Make the versions fit: The most effective strategy to resolve version disputes is to avoid them in the first place. The recommended policy is to modify dependencies so that you can utilize the same library version. When there is a diamond dependency conflict, changing the libraries can cause the referenced libraries to change, which can cause the wrong versions to appear. Remember that the convention in C# is that there are no breaking API changes in similar major versions.

The following is how a version is created: MAJOR. MINOR. PATCH according to the following rules:

  • When you make API modifications that are incompatible, MAJOR is increased.
  • When you add functionality in a backward-compatible way, MINOR is incremented.
  • When you make backward-compatible bug patches, PATCH is increased.
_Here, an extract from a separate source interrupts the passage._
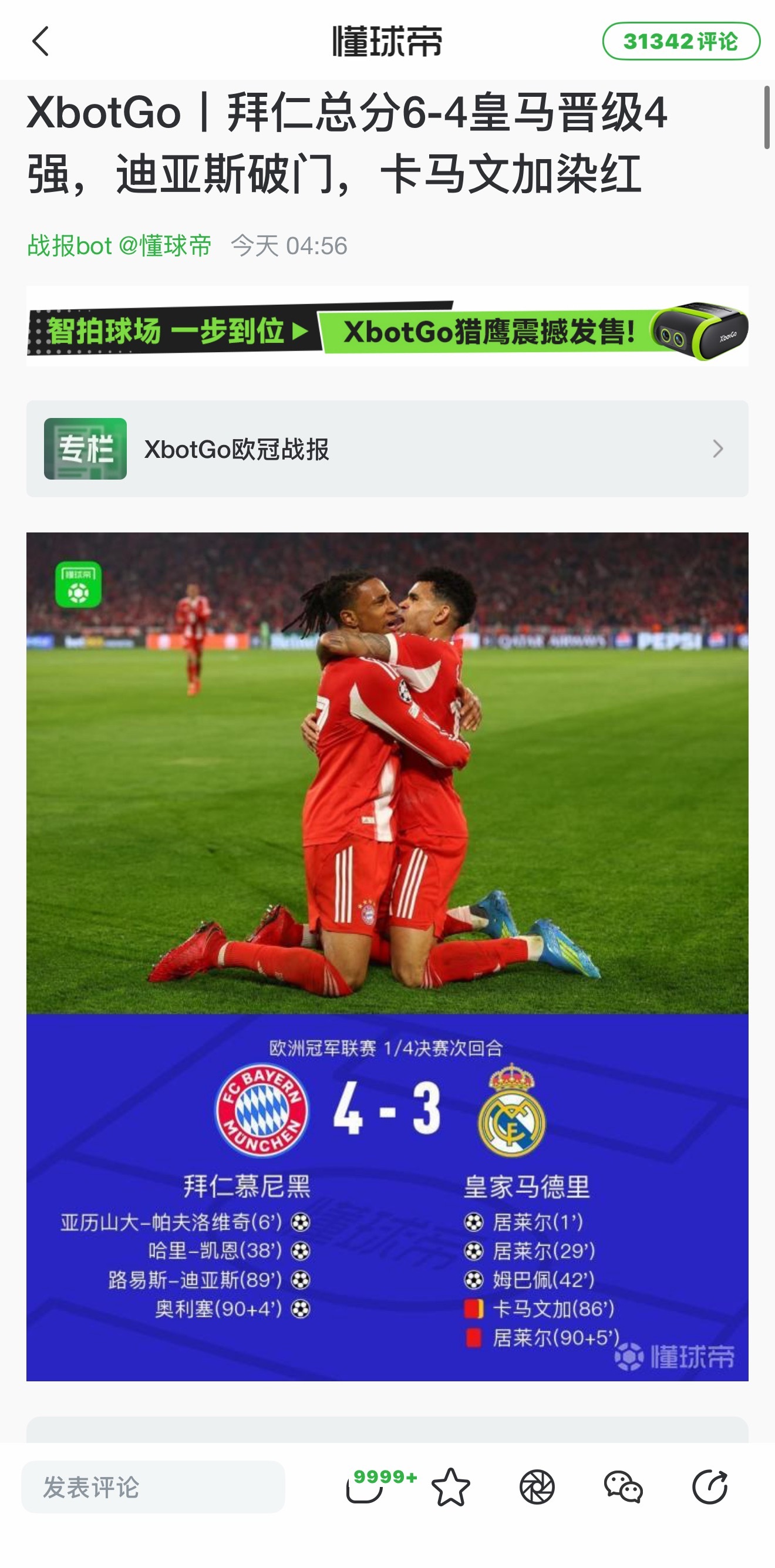 今年欧冠拜仁应该有希望了吧拜仁4比3皇马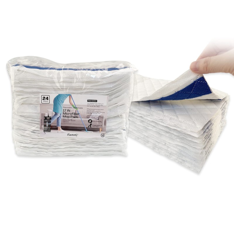 18 Inch Microfiber Disposable Mop Pad 24 Pack for All 16-18'' Hook & Loop System Mop, Wet Dry Cleaning Pad Compatible with Bona,Rubbermaid,Turbo,Norwex (18 in, 24 Pack)

Binding redirects: Binding redirects can be achieved by adding some code in the app.config of the startup assembly. Binding redirects automatically resolve many conflicts, even when there are many major versions. A higher version assembly will be loaded in many circumstances, and if there isn't too much-deprecated API, it will suffice. However, bound redirects aren't always sufficient. A runtime exception occurs if one of the libraries calls a non-existent method or uses parameters that aren't valid in the loaded version. There are techniques to load assemblies of different versions side by side if you can't make versions fit and binding redirects aren't adequate.


In this post, you saw how simple library references can cause dependency problems. You saw how utilizing binding redirects might cause problems and runtime exceptions. You also observed a variety of approaches to resolving version disputes. In almost all the scenarios, modifying versions and a few binding redirects will resolve the version mismatch. In fact, since Visual Studio automatically adds such binding redirects, you'll most likely be unaware that you had an issue.